Analyzing a Greedy Approximation of MDL (Minimum Description Length) Summarization with Holes

CSE 401 Senior Project
Spring 2007

Peter Fontana
Faculty Advisor: Dr. Sudipto Guha

Abstract

Many OLAP (On-line Analytical Processing) applications have produced data cubes that summarize and aggregate details of data queries. These data cubes are multi-dimensional matrices where each cell that satisfies a specific property or trait is represented as a 1. A cell that does not satisfy that specific property is represented as a 0. In order to compress the amount of space required to represent this matrix completely, others have used MDL (Minimum Description Length) Summarization, including the MDL Summarization with Holes. The MDL Summarization describes rectangular regions (rectangles) of the matrix that contain all 1's, and the MDL Summarization with Holes also describes rectangles that are mostly 1's and then describes the 0's within those rectangles.

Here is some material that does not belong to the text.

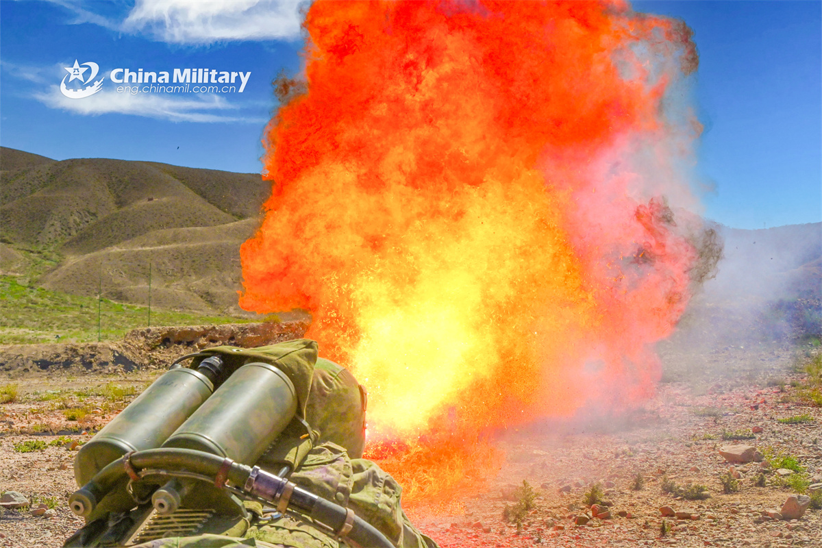 A soldier assigned to a brigade under the Chinese PLA Army ignites controlled fire with a flamethrower against a fire-proof wall during a live-fire training exercise on August 15, 2025. (eng.chinamil.com.cn/Photo by Liao Yixin)

While it is NP-Hard to compute the optimal MDL Summarization with Holes for a data matrix of 2 or more dimensions (Proven by Bu et al. [1]), there exists a greedy algorithm to approximate the MDL Summarization with Holes, proven to give an answer that within a factor of lm &lowast log(M) of the optimal solution (Proven by Guha and Tan [3]), where M is a factor dependent size of the data matrix. See the "Definitions" section of this web page for a definition of lm. However, Guha and Tan in [3] mention that this bound has not been proven tight. I studied this for 2-dimensional matrices where the algorithm can only compress by covering rows and columns (here lm = 2). In this case the only non-trivial rectangles are the rows and the columns of the matrix. Currently, I have a proof that the greedy algorithm is a 4-approximation algorithm in this special 2-dimensional case and a constant-factor (2(&kappa -2))-approximation algorithm in the general case. Furthermore, I have written a program that uses the greedy approximation that performs an MDL Summarizization with Holes on an arbitrary n-by-n 2-dimensional matrix of 1's and 0's with the rows and columns of the matrix as the available rectangles.

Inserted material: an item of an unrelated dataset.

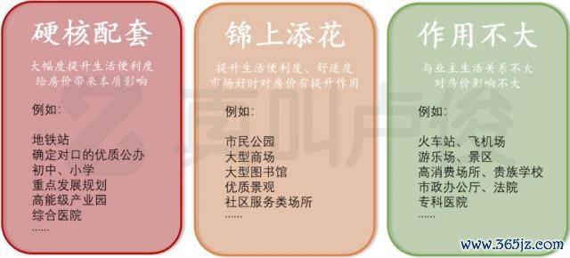 我们整理了下面一图,简单区分各类配套的服务能级。

Note: My project improves upon a result in [3]. Currently, [3] is a manuscript that will be submitted for publication in the near future, after this result (and its proof) is added to it. The Final Report contains the full proof.

Definitions

&kappa: &kappa is the largest number of rectangles which contain a common cell of the matrix. Two such rectangles, the entire matrix and the individual cell, are trivial. Excluding those rectangles gives (&kappa -2) rectangles.

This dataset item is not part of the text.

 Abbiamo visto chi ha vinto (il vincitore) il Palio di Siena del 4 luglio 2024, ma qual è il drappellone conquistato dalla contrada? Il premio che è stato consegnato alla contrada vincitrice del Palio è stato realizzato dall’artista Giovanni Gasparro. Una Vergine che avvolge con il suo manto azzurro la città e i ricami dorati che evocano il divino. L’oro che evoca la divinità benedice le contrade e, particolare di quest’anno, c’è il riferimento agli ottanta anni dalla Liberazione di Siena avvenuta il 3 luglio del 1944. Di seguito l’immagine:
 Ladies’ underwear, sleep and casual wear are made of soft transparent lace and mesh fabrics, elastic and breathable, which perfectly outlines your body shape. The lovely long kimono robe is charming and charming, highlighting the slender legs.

lm: Take each cell of the data matrix. For each cell u of the matrix, consider all of the rectangles that contain u. The contains (subset) relation forms a partially ordered set over the rectangles, and more specifically a lattice, since the cell and the matrix are considered rectangles. lm is the size of the largest antichain of the lattice for all cells u. .

Project Documents

Poster - This is the poster presented during CSE Senior Design Day on April 19, 2007.
Final Report - This is the writeup submitted for the Senior Design Project.
Program Source - Here is the Source code to the program I wrote. It is written in C.
Example Program Test File 1 - This is an example that when run, shows the greedy algorithm in action. Here is the output of Test File 1.
Example Program Test File 2 - This file is an illustrative example that illustrates where the greedy algorithm produces a suboptimal solution, by a factor of 2. This example generalizes to show that the algorithm is at best a lm-approximation algorithm. See [3] for the general example. Here is the output of Test File 2.

References

[1] Bu, Shaofeng, Laks V.S. Lakshmanan and Raymond T. Ng. "MDL Summarization with Holes." Proceedings of the 31st VLDB Conference, pages 433-444, 2005.
[2] Chaudhuri, Surajit and Umeshwar Dayal. "An Overview of Data Warehousing and OLAP Technology." ACM SIGMOD Record, Volume 26, Issue 1, pages 65-74, 1997.
[3] Guha, Sudipto and Jinsong Tan. "Recursive MDL Summarization and Approximation Algorithms." 2006.
[4] Lakshmanan, Laks V.S., Raymond T. Ng, Christing Xing Wang, Xiaodong Zhou and Theodore J Johnson. "The Generalized MDL Approach for Summarization." Proceedings of the 28th VLDB Conference, pages 766-777, 2002.
[5] Pu, Ken Q. and Alberto O. Mendelzon. "Concise Descriptions of Subsets of Structured Sets." ACM Transactions on Database Systems (TODS) Vol. 30, No. 1, pages 211-248, March 2005.
[6] Sathe, Gayatri and Sunita Sarawagi. "Intelligent Rollups in Multidimensional OLAP Data." Proceedings of the 27th VLDB Conference, pages 531- 540, 2001.
[7] Vazirani, Vijay V. Approximation Algorithms. Berlin: Springer-Verlag. Corrected Second Printing, 2003.